Find a name for your software tool.
Week 2. Operators, program design and control structures
Sept. 6, Sept. 9
Topics:
Program design; flowcharts; control structures
Assignments:
- Read chapter 4 in Learning Perl
- To be handed in by Sept. 13:
Draw flowcharts for components of your information processing tool.
Email the name of your project and a short description to the discussion
list. Hand in the flowcharts.
Week 3. Arrays, Input/Output, File handling
Sept. 13, Sept. 16
Topics:
Arrays and I/O; file handling
Assignments:
- Read chapter 3, 6 and p. 108 - 111 of chapter 10 in Learning Perl
- Chapter 3 exercises 1 and 2;
Week 4. CGI I
Sept. 20, Sept. 23
Topics: HTML forms and how to process them with CGI
Assignments:
- Read chapter 19, pages 180 - 186, in Learning Perl
- To be handed in by Sept 27:
Create forms for your project and email
the URL of the forms to upriss@indiana.edu.

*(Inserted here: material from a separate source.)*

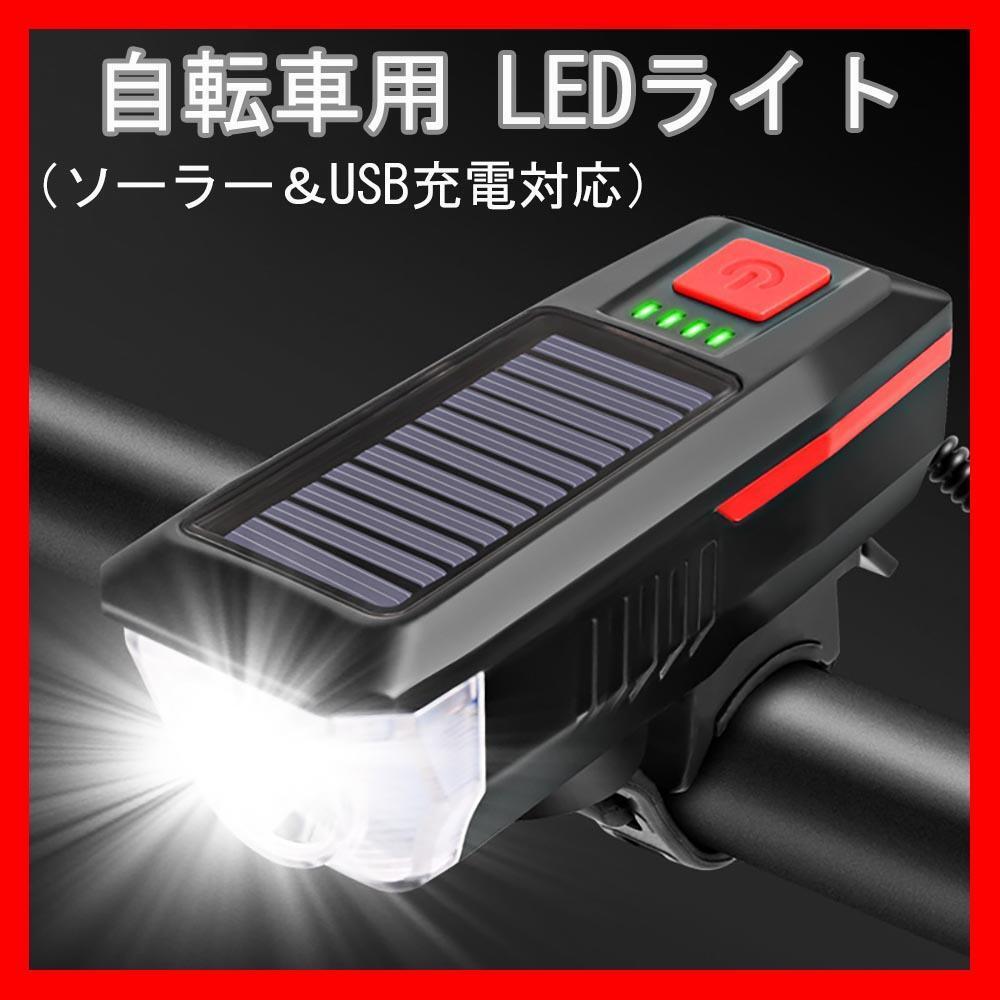 - 自転車 LED ヘッドライト ソーラー USB 充電 ホーンブザー 防水 赤 黒 レッド ブラック LEDライト ヘッドライト フロントライト

Week 5. Regular expressions I
Sept. 27, Sept. 30
Topics:Regular expressions
Assignments:
- Read chapter 7, p. 76 - 81, in Learning Perl
Week 6. Regular expressions II
Oct. 4, Oct. 7
Topics:
Regular expressions; substitution, transliteration and split
Assignments:
- Read the rest of chapter 7 and 15 in Learning Perl
- Chapter 7 exercise 1
Week 7. Programming in the large
Oct. 11, Oct. 14
Topics:
Functions, modular program design, local and global variables
Assignments:
- Read chapter 8 in Learning Perl
- Chapter 8 exercise 1
- To be handed in by Oct. 18:
Write the main (sub)routine of your project.
Print the source code of your main routine and hand it in.
Week 8. A Perl networking client
Oct. 18, Oct. 21
Topics:
Retrieving documents from the web via Perl
Assignments:
- Read Appendix C in Learning Perl
Week 9. CGI II
Oct. 25, Oct. 28
Topics:
Searching web pages on-line; security
Assignments:
- Read the rest of chapter 19 in Learning Perl
- To be handed in by Nov. 8:
Process the form input for your project in a secure manner.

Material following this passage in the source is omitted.